Что плохого в религии? Зачем на нее нападать?

  
   Выражая помянутое выше недоумение, Ричард пишет во вступительной части:
   "Несмотря на мое отвращение к гладиаторским боям, за мной почему-то укрепилась репутация агрессивного спорщика по религиозным вопросам. Коллеги, согласные с отсутствием бога, с существованием нравственности вне религии, с возможностью объяснения происхождения религии и морали с научной точки зрения, продолжают, тем не менее, искренне удивляться моей позиции. Почему я так враждебен? Неужели религия настолько плоха? Неужели она причиняет так много вреда, что с ней нужно активно бороться?".
   "Иногда они заявляют что-нибудь типа: "Не кажется ли вам, что ваша враждебность делает вас атеистом-фундаменталистом, настолько же нетерпимым в своих убеждениях, как и фанатики "библейского пояса"?" На эти обвинения в фундаментализме нужно дать ответ...".
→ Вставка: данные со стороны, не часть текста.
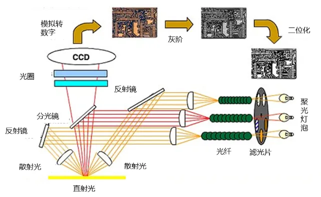 AOI設(shè)備主要由照明光源(包括熒光燈、鹵素?zé)艉蚅ED燈)、鏡頭、工業(yè)攝像機(jī)、視覺(jué)分析軟件構(gòu)成。AOI設(shè)備工作時(shí),被測(cè)目標(biāo)首先在光源的照射下,反射光進(jìn)入特定的鏡頭和攝像機(jī),內(nèi)部的CCD/CMOS圖像傳感器向圖像采集卡輸入信息流,并加工為數(shù)字圖像,通過(guò)機(jī)器視覺(jué)軟件對(duì)數(shù)字圖像加以解析,最終反饋到?jīng)Q策模塊和控制執(zhí)行模塊,并對(duì)被測(cè)目標(biāo)執(zhí)行程序操作。
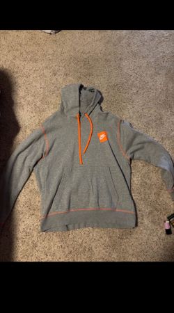 Grey Nike hoodie with neon orange string and Nike symbol$25North Fond Du Lac, WI
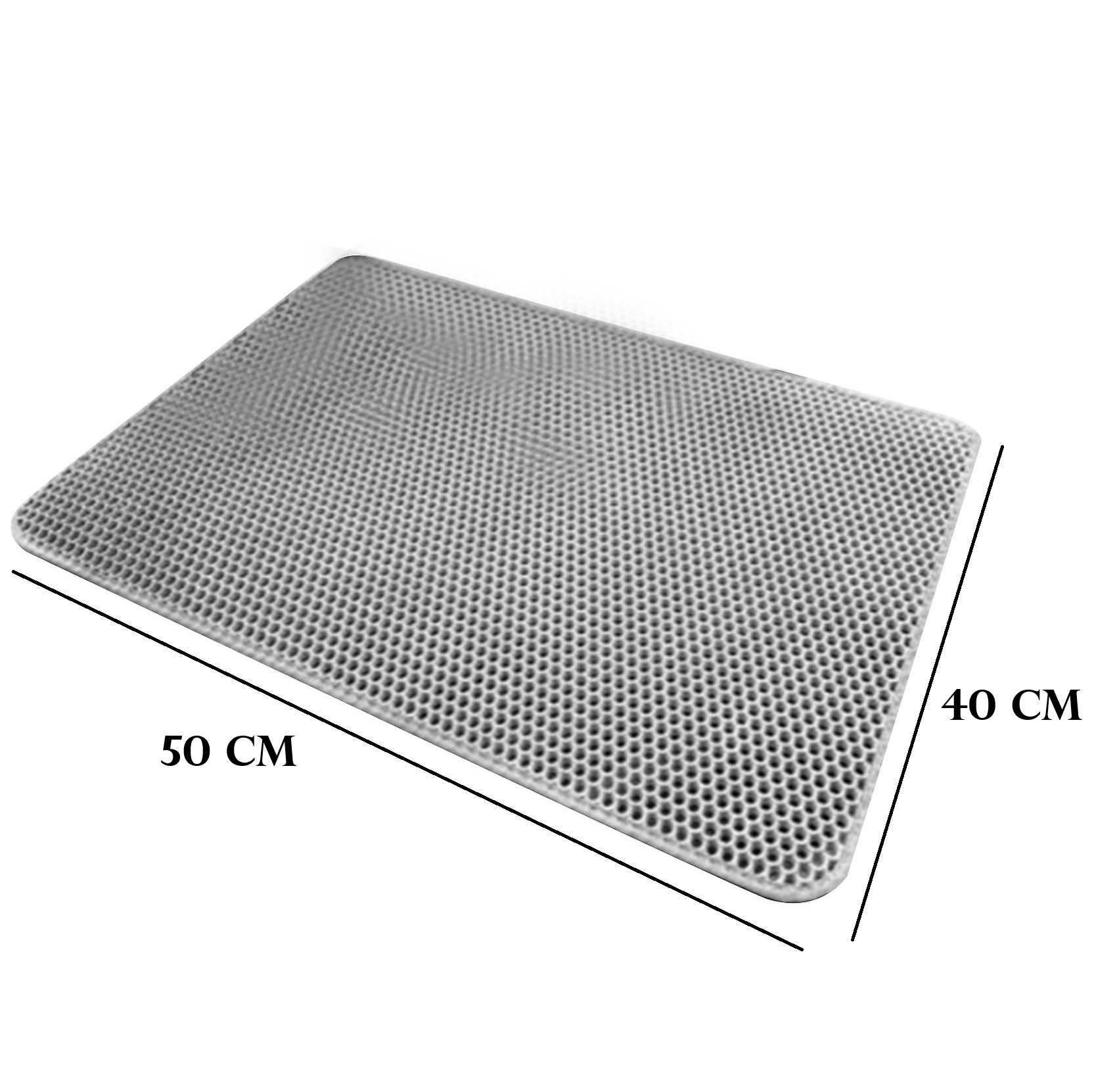Covoras pentru litiera pisicilor, Zola, dublu, cauciuc/spuma EVA, 40 x 50 cm, gri
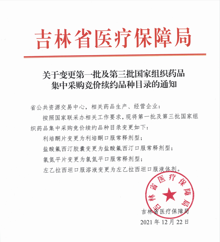 【吉林】吉林省关于变更第一批及第三批国家组织药品集中采购竞价续约品种目录的通知
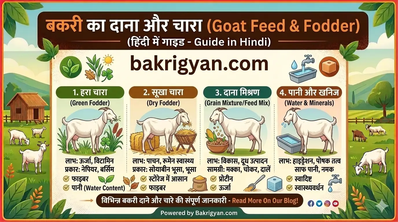 हरा चारा, सूखा चारा और संतुलित दाना मिश्रण बकरी के लिए सबसे अच्छा भोजन माना जाता है।
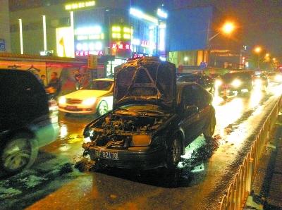 昨晚8时20分许,蒲黄榆路口东侧,一辆大众牌小轿车突然发生自燃。独自驾车的中年女司机发现着火后立刻下车,并未受伤。轿车前部受损严重,右前轮爆胎。消防员赶到后将火扑灭。自燃造成该路段拥堵约1小时,晚9点多轿车被拖走后交通逐渐恢复。

   Свой "ответ", который и составляет содержание данной главы, Ричард начинает с подраздела, озаглавленного
   "Фундаментализм и ниспровержение науки".
  
   Желание защититься и оправдаться и желание по-настоящему разобраться, возвыситься от рациональности до мудрости, суть разные несколько желания. Отсюда, неизбежные недоговоренности....
   Так, Ричард пишет, например:
   "Когда я говорю, что эволюция -- реальность, я проявляю не больше фундаментализма, чем когда заявляю, что Новая Зеландия расположена в Южном полушарии...", -
   и лукавит этим. Ведь обвинения в фундаментализме и возмущение ортодоксов вызываются не "реальностью" эволюции, а как раз претензией на абсолютную, полную и исчерпывающую реальность. Именно в этой претензии и обнаруживают "фундаментализм". Всё, ведь, верно насчет Южной Зеландии, беда в том только, что её положением в Южном полушарии не исчерпывается реальность её существования.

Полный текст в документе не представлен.